Formed in January 2020, The Southside Group is a Glasgow based theatre company based on the South Side of Glasgow designed to increase opportunities for adults with learning disabilities to become involved in theatre.

The group was set up by Peter Clerke and Catherine Gillard of The Occasion Theatre Company, both of whom studied under Philippe Gaulier in Paris.

Before forming The Occasion in 2010, both Clerke and Gillard shared the Artistic Directorship of the Scottish touring theatre company, Benchtours (1991–2009), as well as working extensively with Blue Apple Theatre and Lung Ha's Theatre Company amongst others.

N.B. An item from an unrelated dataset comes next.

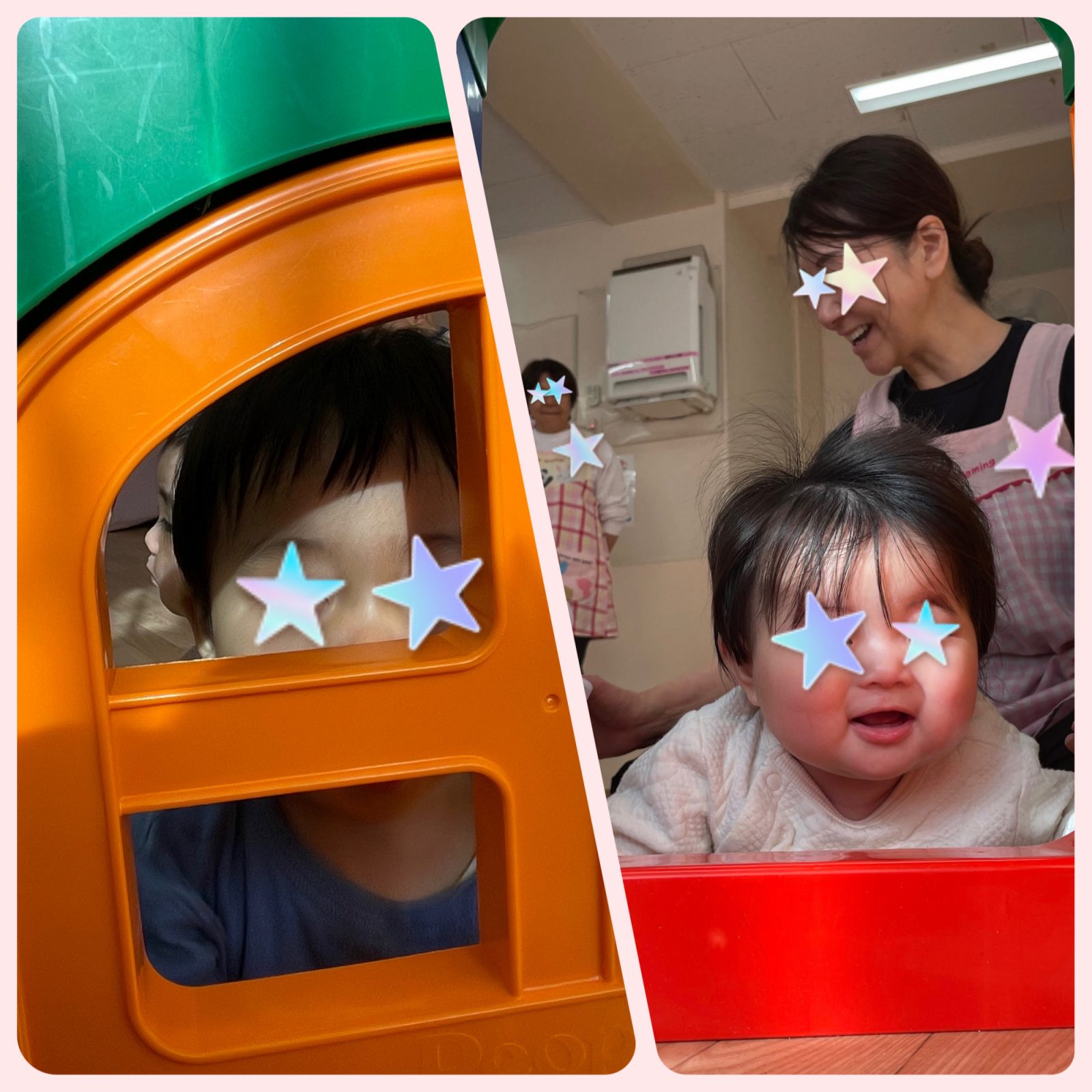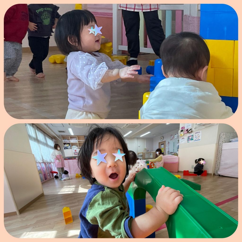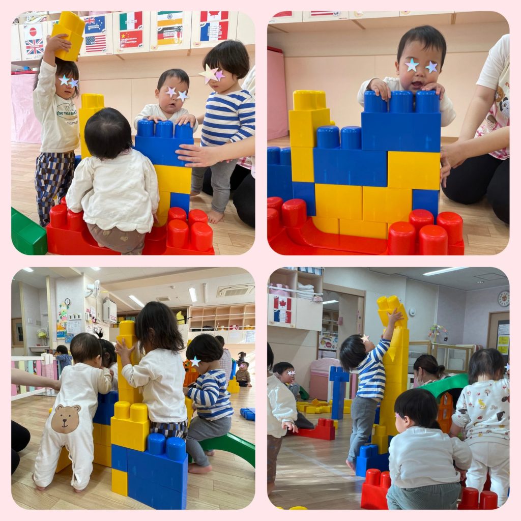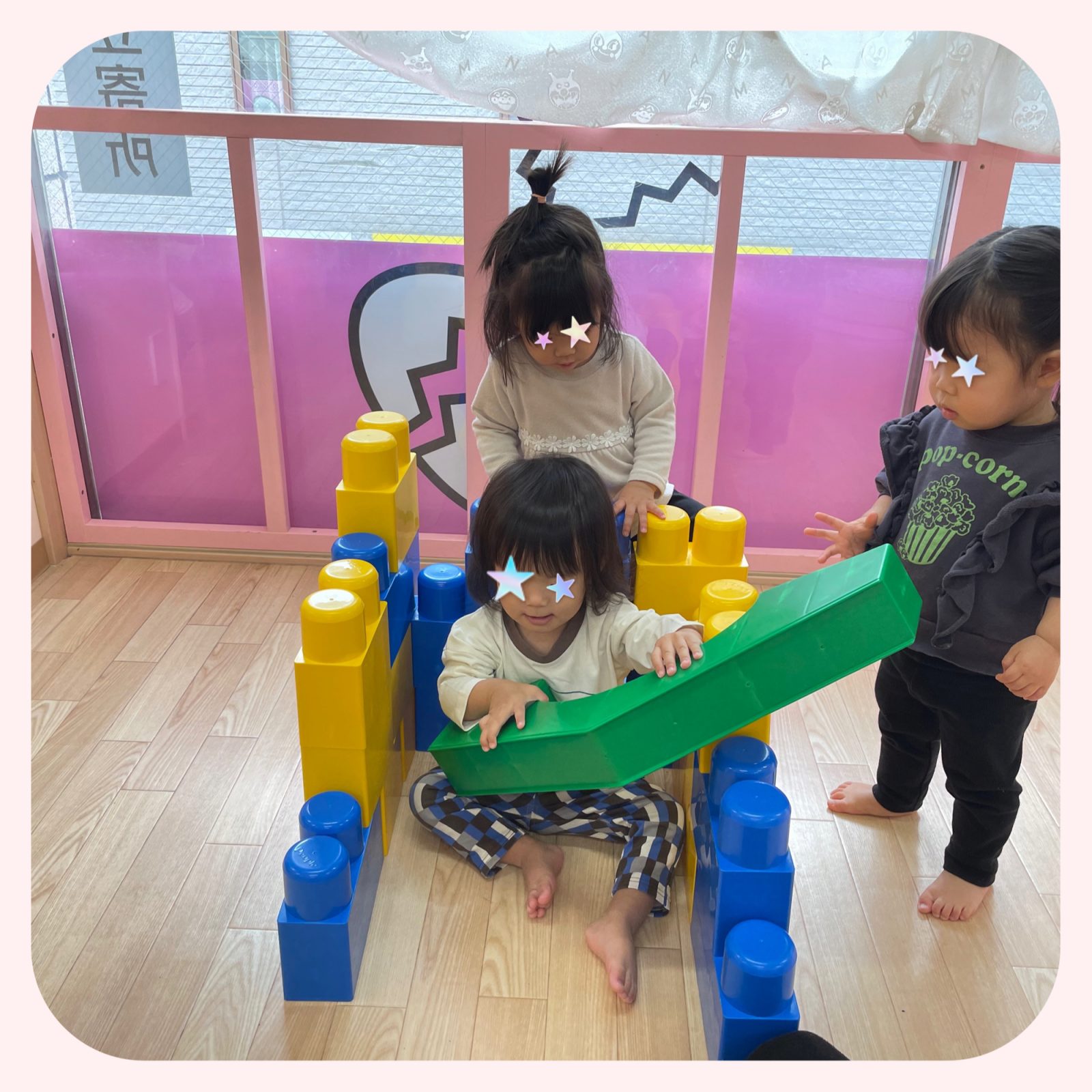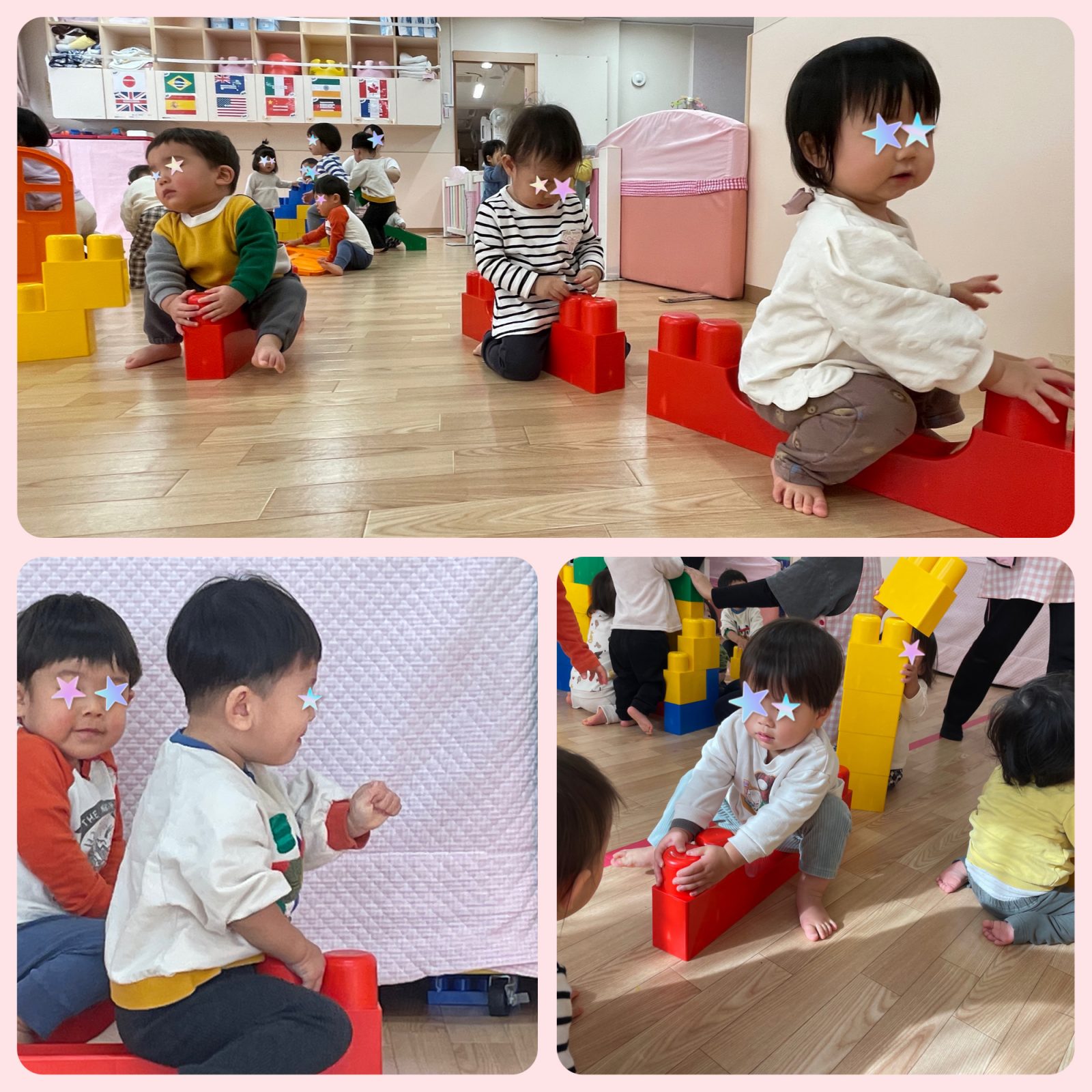 お家を作ろう。 2026年1月21日 こあら組 大型ブロックを、家作りの土台のように配置していくと….。 意図がわかったかのように、手に手にブロックを持ってきては一緒に積み上げます。 「よいしょ、よいしょ」可愛い掛け声と共に、高い所も、こうすると届くよ、と背伸びをしています。 「ぼくのお家はここ。」と中に座って満足そう。 「お出掛けするよ。」 マイカーに乗って、レッツゴー。 お家をお邪魔する時は? 「トントントン」のノックも忘れないでね。 ドアの向こうから覗いているのはだ〜れだ。

Members of The Southside Group range in age from late teens to sixty, and all cast members have some degree of learning disability.

Regular collaborators include writers Stewart Ennis and Michael Duke, set designer Ali Maclaurin, and musician and graphic designer Richard Williams.

== Productions ==

=== Another Nice Mess ===
The Southside Group played three sell-out performances of Another Nice Mess at Tramway, Glasgow from June 29 to July 1, 2023.

Written by Stewart Ennis, the show was set in June 1947 and was a fictionalised account of events that took place around Stan Laurel and Oliver Hardy's appearance at The Glasgow Empire Theatre that year.

Joyce McMillan in The Scotsman wrote: "A strikingly well-made show that succeeds in transporting us not only to the Glasgow of 75 years ago, but also into a world of joyful ensemble work that lifts the heart, and inspires as much as it entertains."